**THE TASK**
Give back the records in their entirety, exactly.

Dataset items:
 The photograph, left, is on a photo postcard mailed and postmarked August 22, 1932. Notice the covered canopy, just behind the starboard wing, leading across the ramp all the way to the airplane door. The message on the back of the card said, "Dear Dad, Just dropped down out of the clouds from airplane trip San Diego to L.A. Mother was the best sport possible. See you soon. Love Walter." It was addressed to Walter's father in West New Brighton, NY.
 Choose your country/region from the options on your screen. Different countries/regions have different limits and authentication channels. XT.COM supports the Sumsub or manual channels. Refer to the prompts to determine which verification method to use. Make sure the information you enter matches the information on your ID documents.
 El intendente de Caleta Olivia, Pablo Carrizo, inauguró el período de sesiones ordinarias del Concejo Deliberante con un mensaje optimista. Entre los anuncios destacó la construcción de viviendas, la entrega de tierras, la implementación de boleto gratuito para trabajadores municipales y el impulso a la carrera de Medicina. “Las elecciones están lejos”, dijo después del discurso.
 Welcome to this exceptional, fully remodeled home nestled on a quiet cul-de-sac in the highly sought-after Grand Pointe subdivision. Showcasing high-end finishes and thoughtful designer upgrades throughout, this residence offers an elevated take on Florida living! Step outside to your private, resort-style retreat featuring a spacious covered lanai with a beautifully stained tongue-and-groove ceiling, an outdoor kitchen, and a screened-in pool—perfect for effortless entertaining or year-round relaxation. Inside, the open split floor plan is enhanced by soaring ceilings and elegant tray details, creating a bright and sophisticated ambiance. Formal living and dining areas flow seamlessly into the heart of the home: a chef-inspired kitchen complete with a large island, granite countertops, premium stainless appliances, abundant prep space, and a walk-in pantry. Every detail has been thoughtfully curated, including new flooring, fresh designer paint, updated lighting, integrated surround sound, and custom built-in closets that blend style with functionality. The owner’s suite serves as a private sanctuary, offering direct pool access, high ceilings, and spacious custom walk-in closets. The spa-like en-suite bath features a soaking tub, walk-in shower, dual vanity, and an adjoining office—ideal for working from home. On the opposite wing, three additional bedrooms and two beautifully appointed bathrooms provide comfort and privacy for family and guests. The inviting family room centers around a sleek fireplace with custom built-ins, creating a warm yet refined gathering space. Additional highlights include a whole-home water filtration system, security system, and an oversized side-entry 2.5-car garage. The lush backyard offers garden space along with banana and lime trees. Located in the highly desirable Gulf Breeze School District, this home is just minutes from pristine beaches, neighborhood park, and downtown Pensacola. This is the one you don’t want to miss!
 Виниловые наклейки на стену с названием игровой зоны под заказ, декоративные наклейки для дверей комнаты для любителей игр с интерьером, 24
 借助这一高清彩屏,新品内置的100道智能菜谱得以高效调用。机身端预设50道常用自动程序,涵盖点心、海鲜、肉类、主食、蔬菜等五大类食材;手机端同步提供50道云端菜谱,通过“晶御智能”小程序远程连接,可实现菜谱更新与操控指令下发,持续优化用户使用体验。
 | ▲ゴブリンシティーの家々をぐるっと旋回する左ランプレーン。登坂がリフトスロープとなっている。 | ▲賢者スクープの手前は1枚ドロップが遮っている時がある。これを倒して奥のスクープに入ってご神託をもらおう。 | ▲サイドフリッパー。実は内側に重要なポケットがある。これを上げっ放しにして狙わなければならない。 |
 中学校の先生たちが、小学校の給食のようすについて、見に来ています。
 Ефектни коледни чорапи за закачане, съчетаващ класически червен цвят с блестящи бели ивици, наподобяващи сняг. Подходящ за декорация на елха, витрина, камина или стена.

**RESPONSE TO THIS EXERCISE**
 The photograph, left, is on a photo postcard mailed and postmarked August 22, 1932. Notice the covered canopy, just behind the starboard wing, leading across the ramp all the way to the airplane door. The message on the back of the card said, "Dear Dad, Just dropped down out of the clouds from airplane trip San Diego to L.A. Mother was the best sport possible. See you soon. Love Walter." It was addressed to Walter's father in West New Brighton, NY.
 Choose your country/region from the options on your screen. Different countries/regions have different limits and authentication channels. XT.COM supports the Sumsub or manual channels. Refer to the prompts to determine which verification method to use. Make sure the information you enter matches the information on your ID documents.
 El intendente de Caleta Olivia, Pablo Carrizo, inauguró el período de sesiones ordinarias del Concejo Deliberante con un mensaje optimista. Entre los anuncios destacó la construcción de viviendas, la entrega de tierras, la implementación de boleto gratuito para trabajadores municipales y el impulso a la carrera de Medicina. “Las elecciones están lejos”, dijo después del discurso.
 Welcome to this exceptional, fully remodeled home nestled on a quiet cul-de-sac in the highly sought-after Grand Pointe subdivision. Showcasing high-end finishes and thoughtful designer upgrades throughout, this residence offers an elevated take on Florida living! Step outside to your private, resort-style retreat featuring a spacious covered lanai with a beautifully stained tongue-and-groove ceiling, an outdoor kitchen, and a screened-in pool—perfect for effortless entertaining or year-round relaxation. Inside, the open split floor plan is enhanced by soaring ceilings and elegant tray details, creating a bright and sophisticated ambiance. Formal living and dining areas flow seamlessly into the heart of the home: a chef-inspired kitchen complete with a large island, granite countertops, premium stainless appliances, abundant prep space, and a walk-in pantry. Every detail has been thoughtfully curated, including new flooring, fresh designer paint, updated lighting, integrated surround sound, and custom built-in closets that blend style with functionality. The owner’s suite serves as a private sanctuary, offering direct pool access, high ceilings, and spacious custom walk-in closets. The spa-like en-suite bath features a soaking tub, walk-in shower, dual vanity, and an adjoining office—ideal for working from home. On the opposite wing, three additional bedrooms and two beautifully appointed bathrooms provide comfort and privacy for family and guests. The inviting family room centers around a sleek fireplace with custom built-ins, creating a warm yet refined gathering space. Additional highlights include a whole-home water filtration system, security system, and an oversized side-entry 2.5-car garage. The lush backyard offers garden space along with banana and lime trees. Located in the highly desirable Gulf Breeze School District, this home is just minutes from pristine beaches, neighborhood park, and downtown Pensacola. This is the one you don’t want to miss!
 Виниловые наклейки на стену с названием игровой зоны под заказ, декоративные наклейки для дверей комнаты для любителей игр с интерьером, 24
 借助这一高清彩屏,新品内置的100道智能菜谱得以高效调用。机身端预设50道常用自动程序,涵盖点心、海鲜、肉类、主食、蔬菜等五大类食材;手机端同步提供50道云端菜谱,通过“晶御智能”小程序远程连接,可实现菜谱更新与操控指令下发,持续优化用户使用体验。
 | ▲ゴブリンシティーの家々をぐるっと旋回する左ランプレーン。登坂がリフトスロープとなっている。 | ▲賢者スクープの手前は1枚ドロップが遮っている時がある。これを倒して奥のスクープに入ってご神託をもらおう。 | ▲サイドフリッパー。実は内側に重要なポケットがある。これを上げっ放しにして狙わなければならない。 |
 中学校の先生たちが、小学校の給食のようすについて、見に来ています。
 Ефектни коледни чорапи за закачане, съчетаващ класически червен цвят с блестящи бели ивици, наподобяващи сняг. Подходящ за декорация на елха, витрина, камина или стена.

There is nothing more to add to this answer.